• [Collected data]:

────────

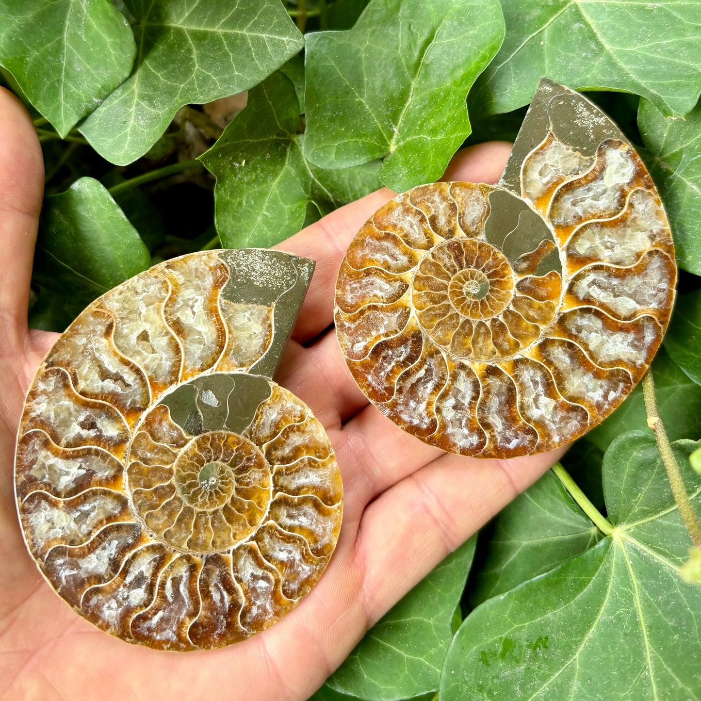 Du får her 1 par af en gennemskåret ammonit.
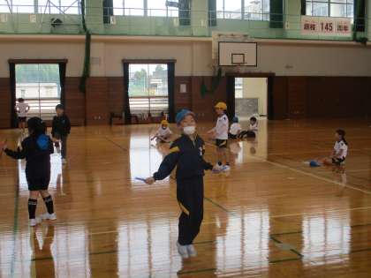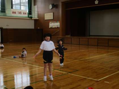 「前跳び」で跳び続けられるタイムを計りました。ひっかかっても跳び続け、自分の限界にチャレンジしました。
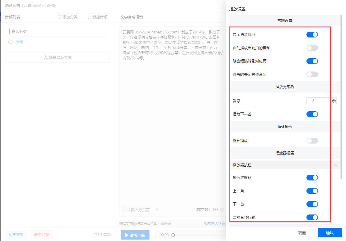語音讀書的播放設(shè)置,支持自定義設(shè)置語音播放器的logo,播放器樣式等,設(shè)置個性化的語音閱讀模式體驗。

────────

The expected output is the whole listing, word for word, minus its pictures.

 Du får her 1 par af en gennemskåret ammonit.
 「前跳び」で跳び続けられるタイムを計りました。ひっかかっても跳び続け、自分の限界にチャレンジしました。
語音讀書的播放設(shè)置,支持自定義設(shè)置語音播放器的logo,播放器樣式等,設(shè)置個性化的語音閱讀模式體驗。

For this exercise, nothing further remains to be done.